I'm so fucking sick of giving and giving and letting other people have the best end of the fucking deal when all I get is nothing. When all I get is being fucking yelled at for it, for not doing well enough, to watch all my freinds be together and have a good time and be the only left out.
What do you want me to do? I'm giving it my fucking all, there's nothing left to give.
Friday, 9 August 2013 @ 04:30  0 stares
I'm a fool.
But I'll give and give 
and try and try 
until there's nothing left
Will happiness be achieved this way?
It's been too long 
Since I've felt real fire blazing
In my heart
Mind
Breath
Veins
Soul


It's time to pretend
Radiate what love
I can dredge up from this caged heart
Forget about my own rain
Spread out these
Curling tendrils of warmth
I didn't know I still had
Anything
To make them smile
And fool myself
Anything
To be their sun
When they desperately need some sunshine

Wednesday, 7 August 2013 @ 03:59  0 stares
From the depths of a deep still sea
it floats to the surface
and now and then
ripples form
and waves rise and fall
with a bittersweet sadness
that washes over me
like a cool shower of rain
penetrating my bones
sending shivers down my back
I struggle to breathe
It bobs and stirs
nudged by my feeble mind
until I hastily push it back down again
Saturday, 6 July 2013 @ 20:52  0 stares
It's almost as if for one bad thing said it far outweighs all the nice things that have ever been said to you and you seem to need at least 10 good things said to you again to even begin to counter it.
People say a lot of horrible things when they are angry or upset. And then apologise for it later.
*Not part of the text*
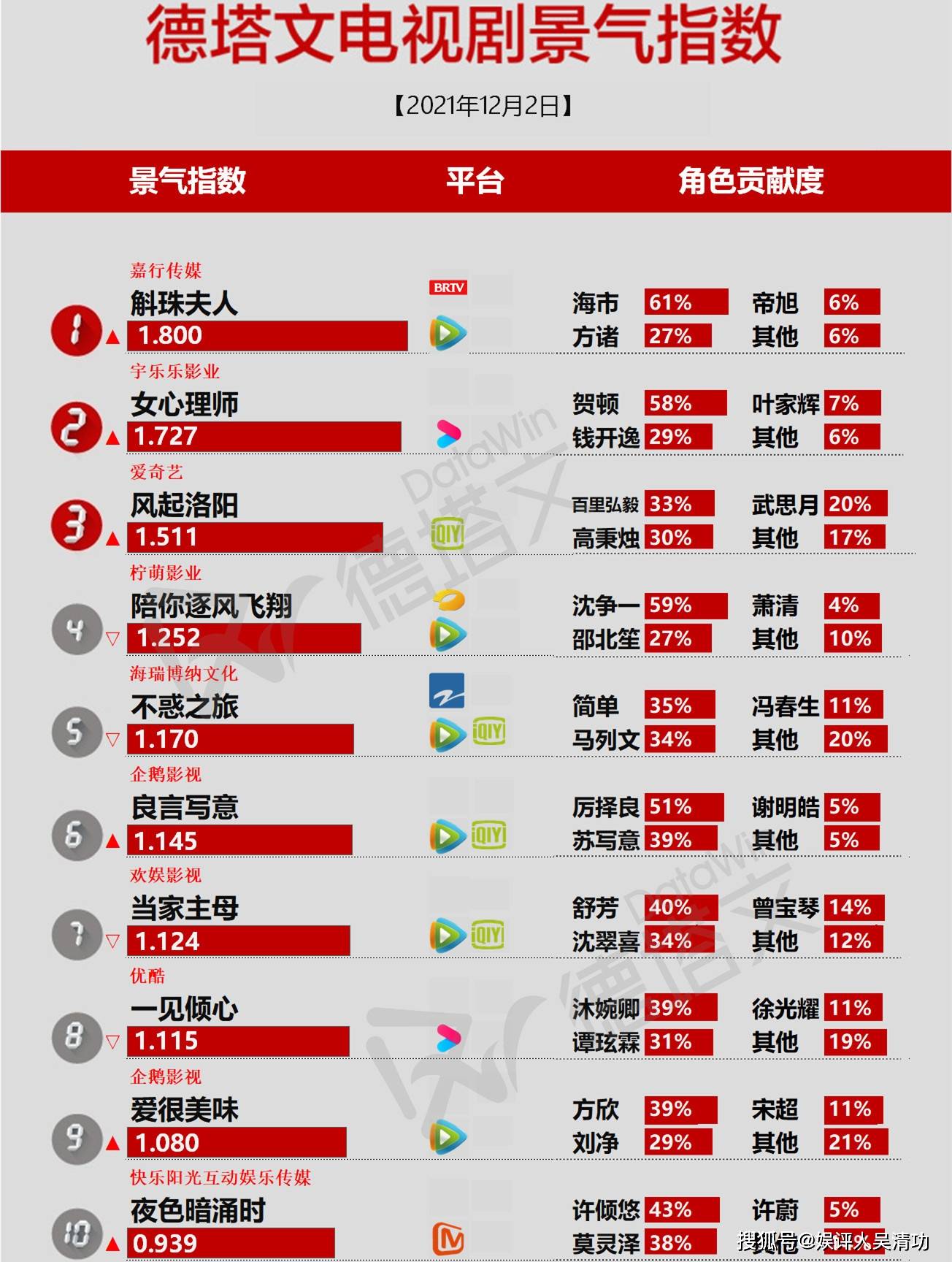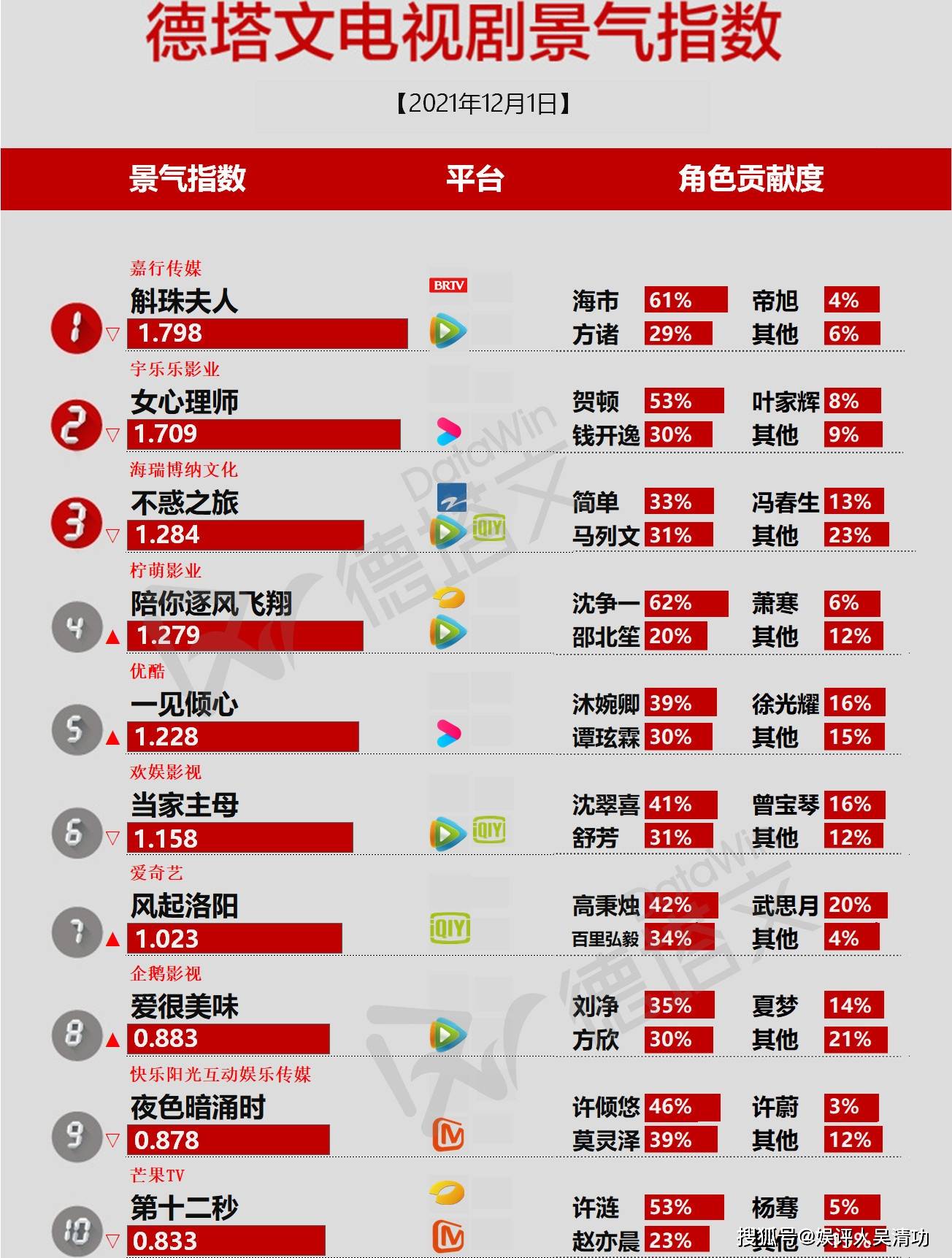 序言:据德塔文电视剧景气指数2021年12月2日显示,《斛珠夫人》《女心理师》《风起洛阳》分别前三,这三部电视剧正好都是顶级流量主演的,说明电视剧是离不开顶级流量的,但电影可以。

But you can't help but think, deep down, that's what they really think of you and it was nothing but the truth that all came rushing out. 
@ 02:47  0 stares
I think I'm watching everything fall apart in front of my eyes.
Friday, 5 July 2013 @ 17:44  0 stares
"I am not perfect, I am weak," he whispered.
"No, you are not," I reply. "Just because you feel you have somehow failed, you are not weak, you are in fact, stronger than you think. A person who is willing to love is strong, a person still able to make sacrifices, protect, try and let go. A person who will not let their heart be hardened and sink into numbness. A person who still feels, despite everything, and lives. You are still those things. Love, after all, is courage in it's own way."